***** MATERIAL TO PROCESS

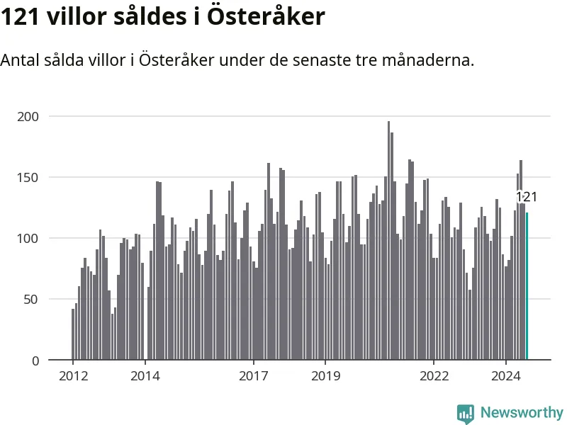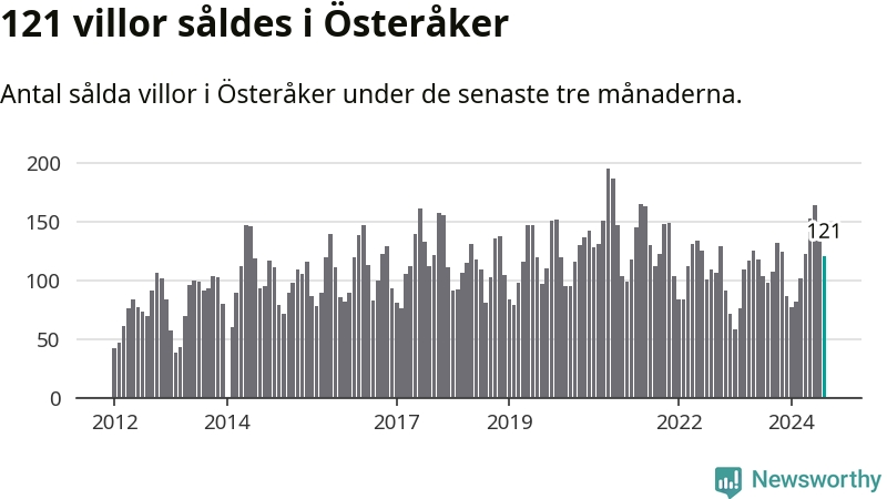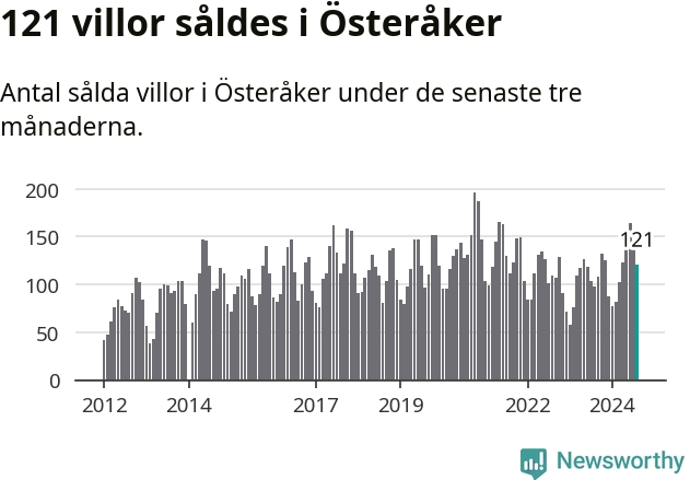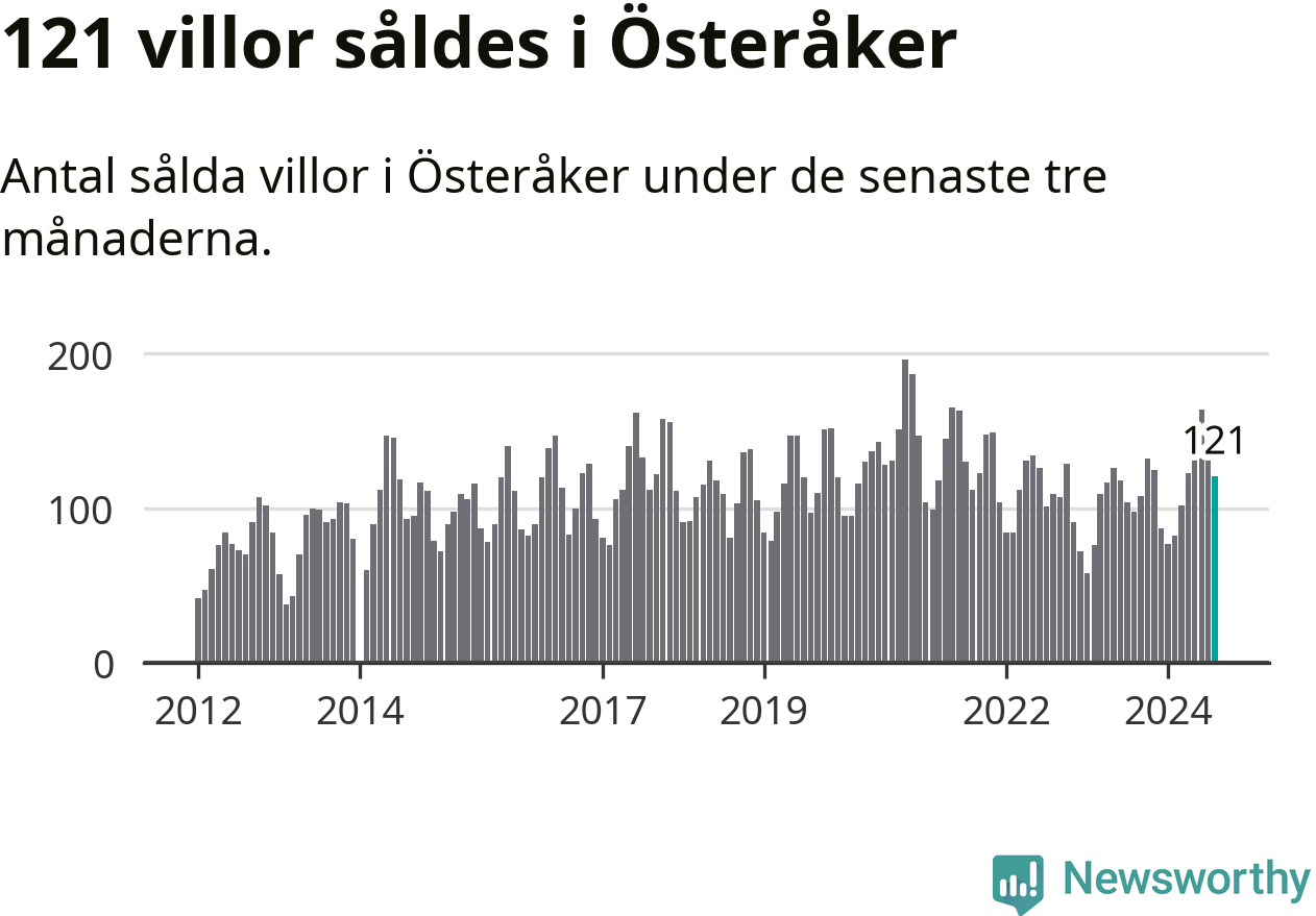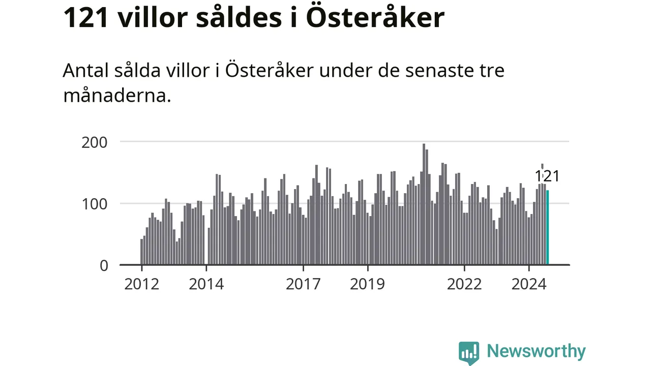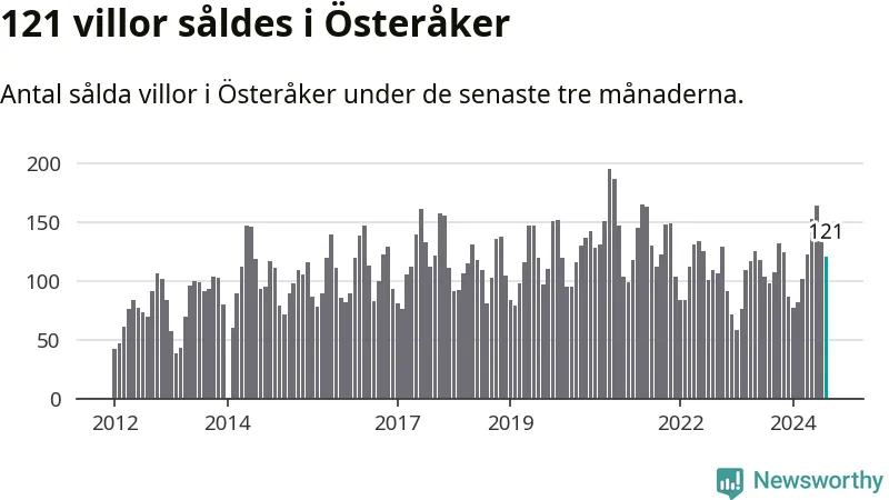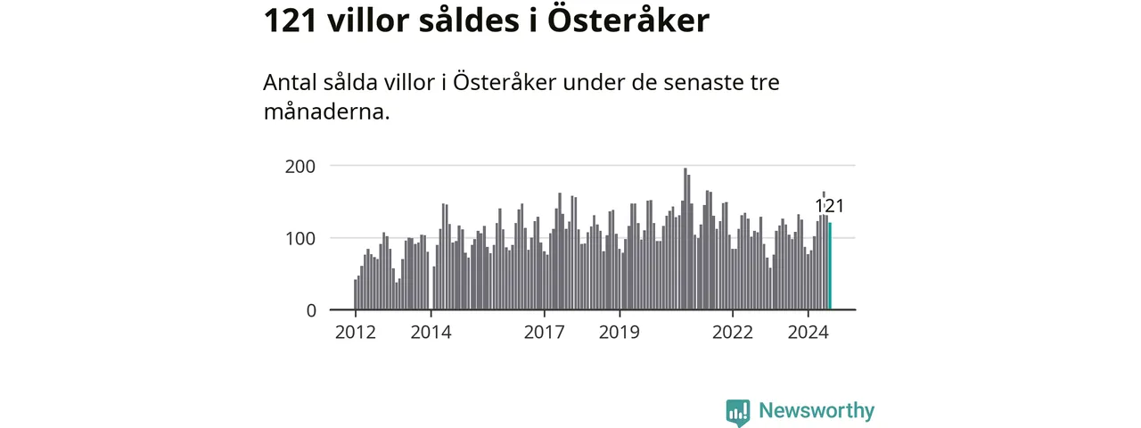 Sammanlagt såldes 121 villor i Österåkers kommun mellan juni och augusti till ett genomsnittligt pris på 5,6 miljoner kronor. I fjol gjordes 98 affärer vid den här tiden på året.
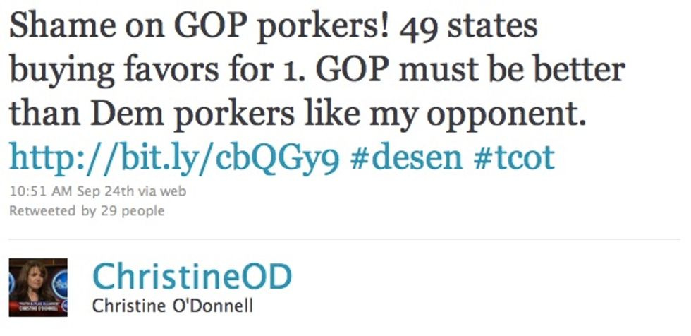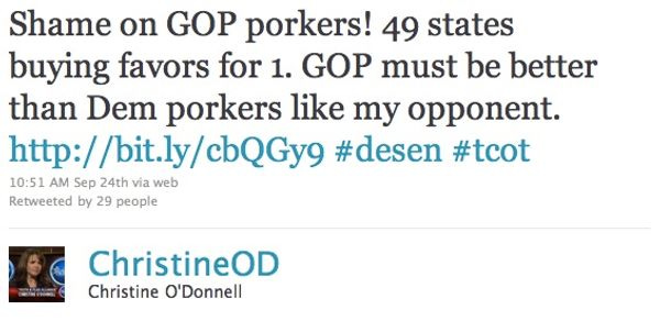 Sex Maniac Christine O'Donnell Groans About 'Porkers,' On Twitter
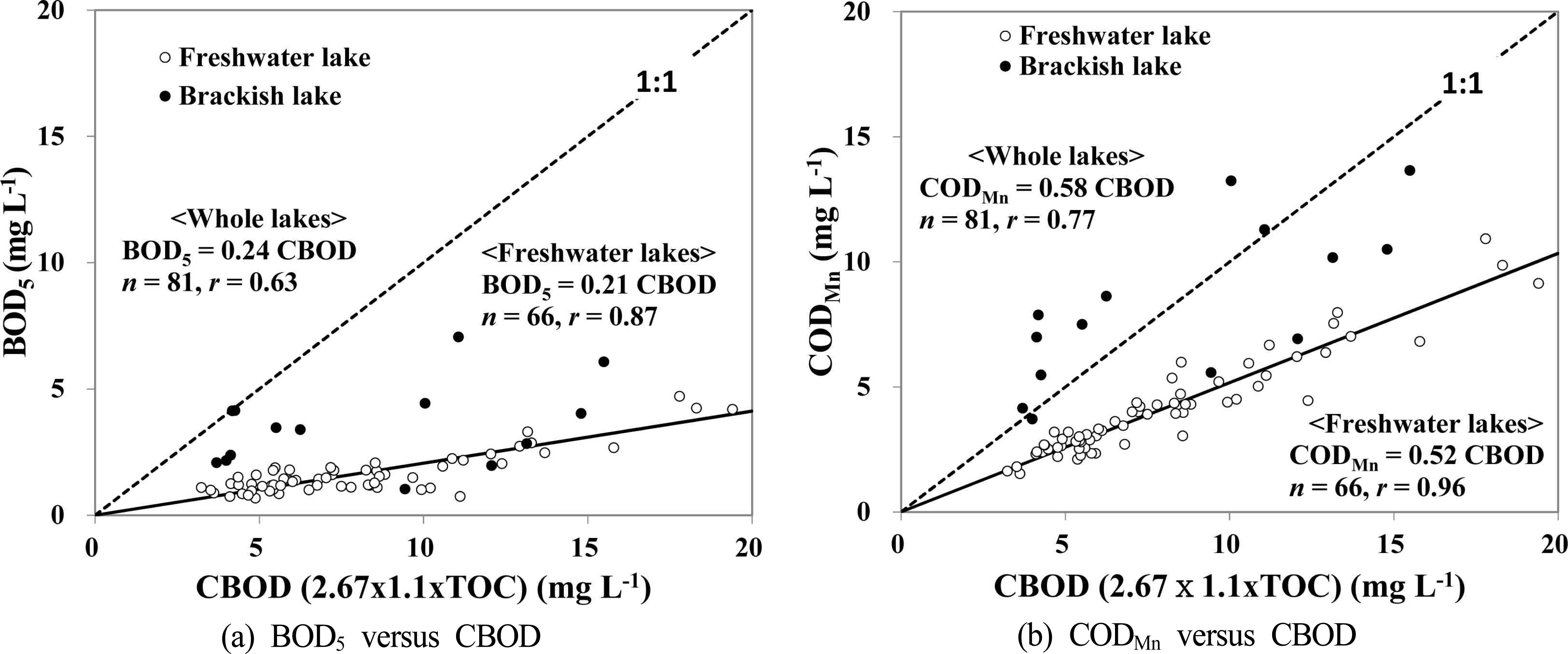 반면 염분농도가 높은 기수호는 담수호에 비해 CBOD에 대한 CODMn과 BOD5의 비가 월등히 컸으며 상당수의 호 소에서는 CODMn 농도가 CBOD 농도보다 더 높게 나타났 다. 무기물 산화의 영향을 고려치 않는다면 이러한 차이는 COD 및 BOD의 측정 결과가 과대평가 되었거나,
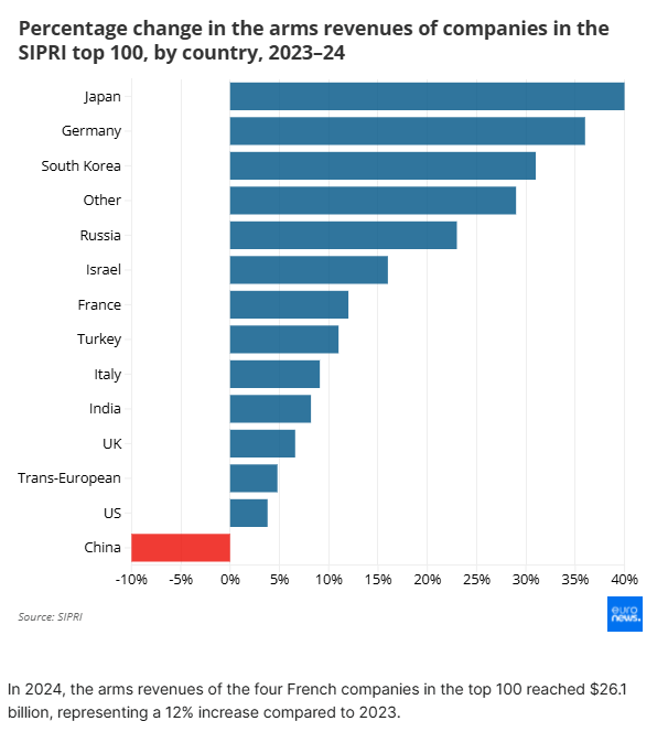 Το 2024, τα έσοδα από τα όπλα των τεσσάρων γαλλικών εταιρειών που βρίσκονται στις 100 κορυφαίες εταιρείες έφτασαν τα 26,1 δισεκατομμύρια δολάρια, σημειώνοντας αύξηση 12% σε σύγκριση με το 2023.
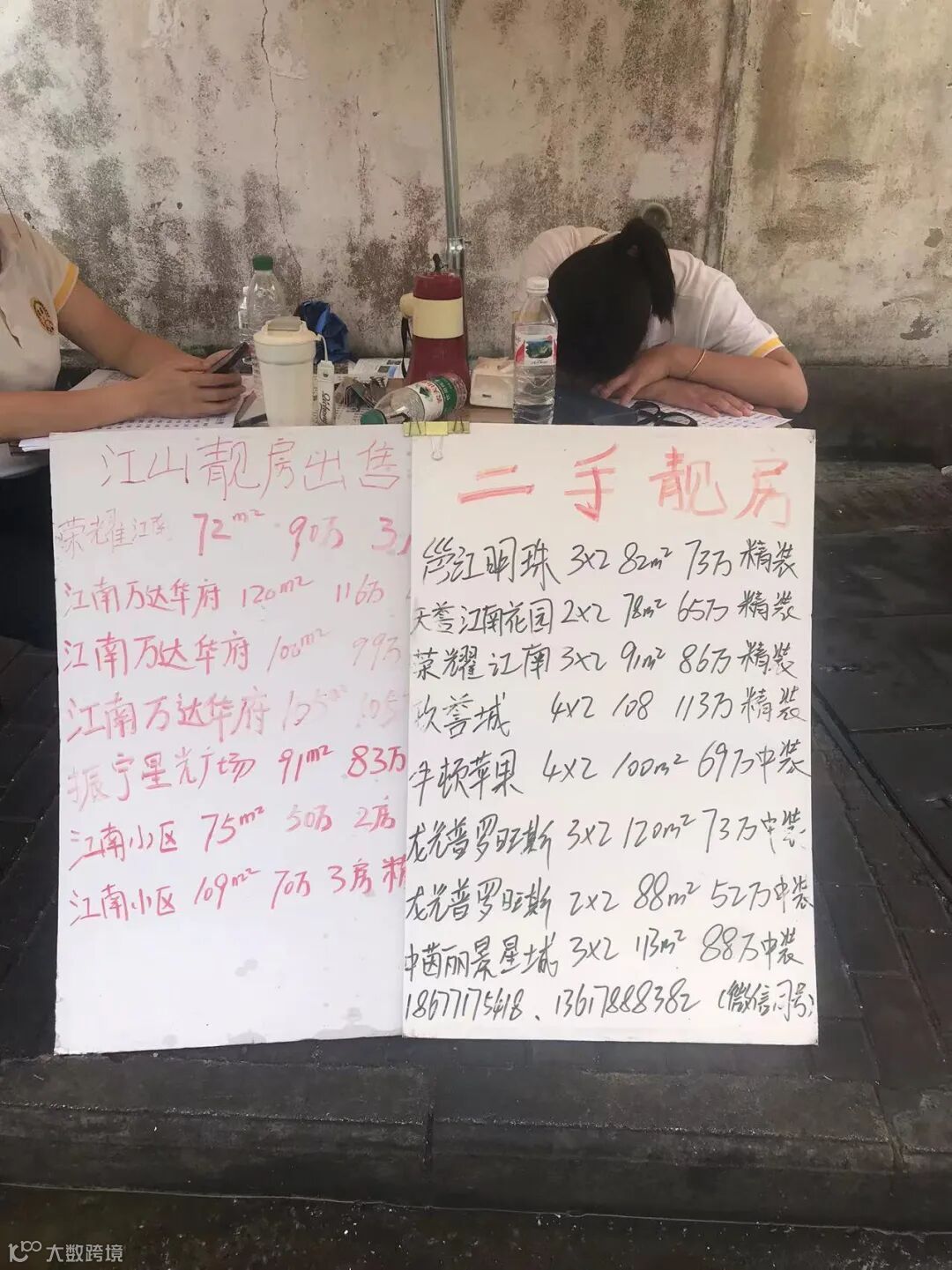 雨后初霁,行人不多,但路边却有不少人支着一个个简易的摊位。走近一看,摆摊的人都是穿着各色工服的房地产中介。一条短短窄窄的小道,中介摊点有5处,一处有2-5个人不等。如果天气晴好,摊点和人数肯定会更多。
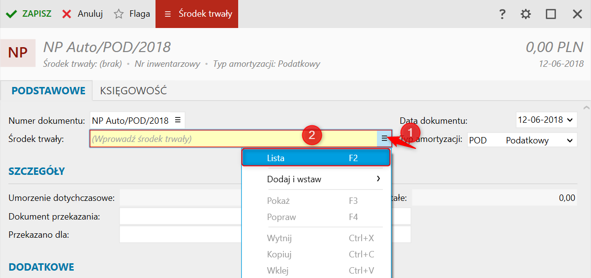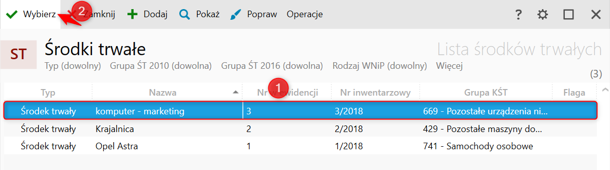 4. Z rozwijalnego menu przy polu Środek trwały wybrać Lista, po czym z listy wskazać Środek trwały.
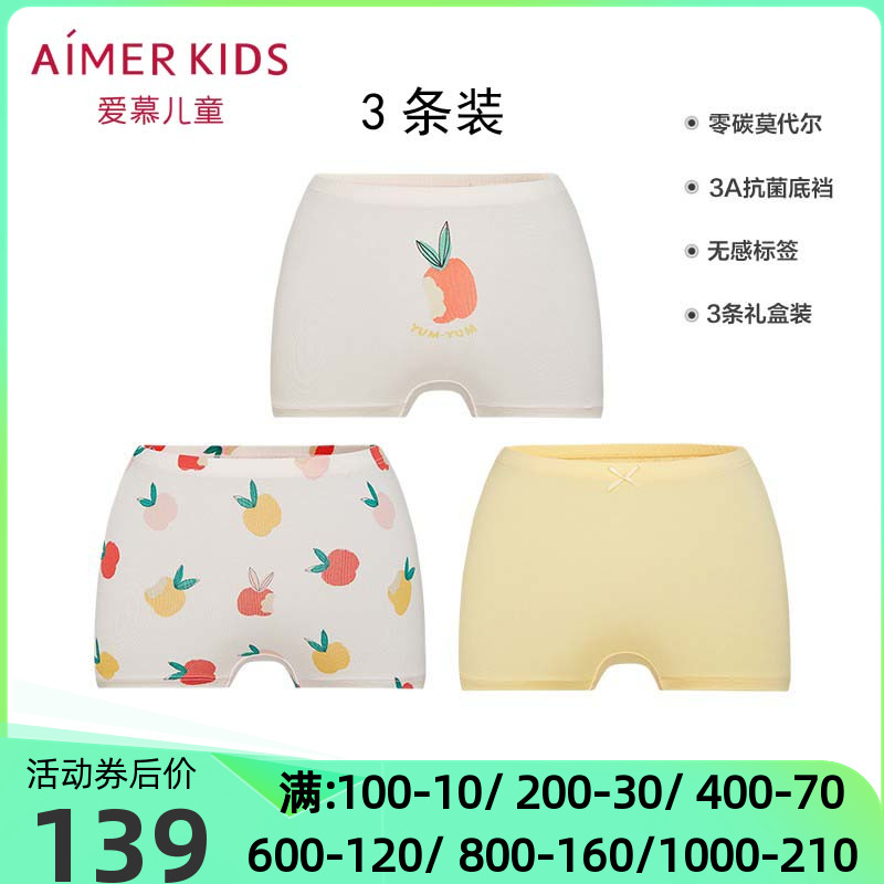 【产品名称:3条装 爱慕儿童正品男童女童孩莫代尔透气薄A类三角平角内裤】
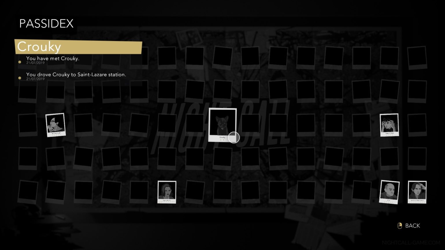 Come avrete intuito in Night Call il ruolo del giocatore è quello del tassista che notte dopo notte dovrà scegliere dalla mappa di Parigi quale passeggero raccogliere per portare a destinazione. Durante il tragitto, il giocatore potrà interagire con il passeggero attraverso dei dialoghi, che a volte vanno innescati proprio dal tassista, per arrivare a raccogliere frammenti di indizi sul caso seguito. Alla fine di ogni notte, si potrà tracciare una mappa concettuale dei risultati grazie alla lavagnetta a casa del tassista arricchita di foto e collegamenti con fili, appunti e puntine proprio come nelle migliori delle indagini.
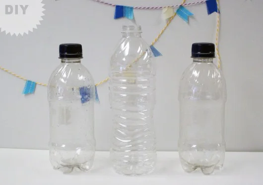 1. Select a plastic bottle to use as your new dog toy. Then cut three to four 1″ wide strips of fabric off one of the edges of your fabric. These will be used later as ties, a piece of ribbon would also work for this purpose.
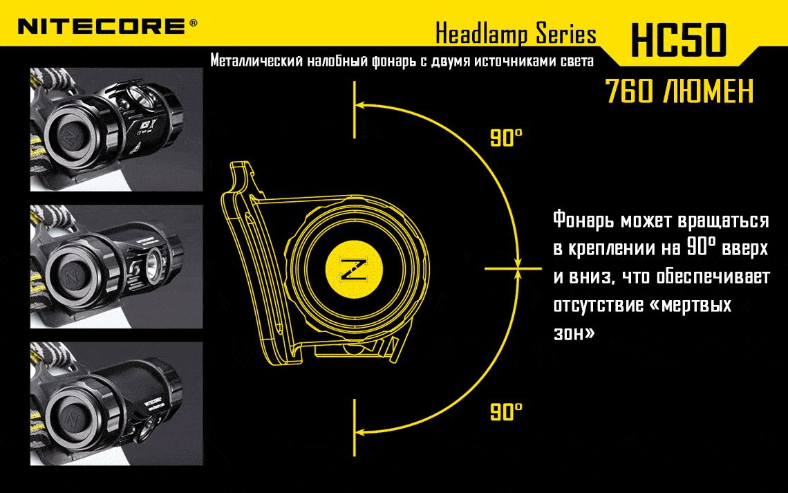 Благодаря уникальной технологии, угол лучевого света налобного фонаря просто не оставляет шанса мертвым зонам вокруг владельца налобника из-за крайне широкого радиуса света луча в 100°, а возможность изменения положения корпуса по вертикали в 180° позволяет мгновенно осветить необходимый Вам участок полностью исключая «мертвые зоны».
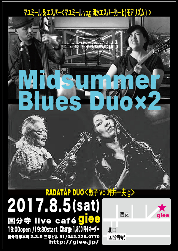 8月5日(土曜)は国分寺gieeです。 19時オープン・19時30分スタートです。 Midsummer Blues Duo x 2というタイトルです。 タイバンはマユミール&エスパーさん。
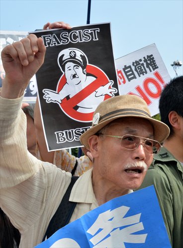 A middle-aged man from Ibaraki, who took a two-hour train ride to join the rally, told the Global Times that the consensus since World War II has been that Japan should rely on its pacifist constitution to protect its citizens instead of on military strength.

**********

Copy nothing but the lines from the start of the entries through the line with "雨后初霁,行人不多,但路边却". Write them out exactly, without pictures.

[EXERCISE SOLUTION]:
 Sammanlagt såldes 121 villor i Österåkers kommun mellan juni och augusti till ett genomsnittligt pris på 5,6 miljoner kronor. I fjol gjordes 98 affärer vid den här tiden på året.
 Sex Maniac Christine O'Donnell Groans About 'Porkers,' On Twitter
 반면 염분농도가 높은 기수호는 담수호에 비해 CBOD에 대한 CODMn과 BOD5의 비가 월등히 컸으며 상당수의 호 소에서는 CODMn 농도가 CBOD 농도보다 더 높게 나타났 다. 무기물 산화의 영향을 고려치 않는다면 이러한 차이는 COD 및 BOD의 측정 결과가 과대평가 되었거나,
 Το 2024, τα έσοδα από τα όπλα των τεσσάρων γαλλικών εταιρειών που βρίσκονται στις 100 κορυφαίες εταιρείες έφτασαν τα 26,1 δισεκατομμύρια δολάρια, σημειώνοντας αύξηση 12% σε σύγκριση με το 2023.
 雨后初霁,行人不多,但路边却有不少人支着一个个简易的摊位。走近一看,摆摊的人都是穿着各色工服的房地产中介。一条短短窄窄的小道,中介摊点有5处,一处有2-5个人不等。如果天气晴好,摊点和人数肯定会更多。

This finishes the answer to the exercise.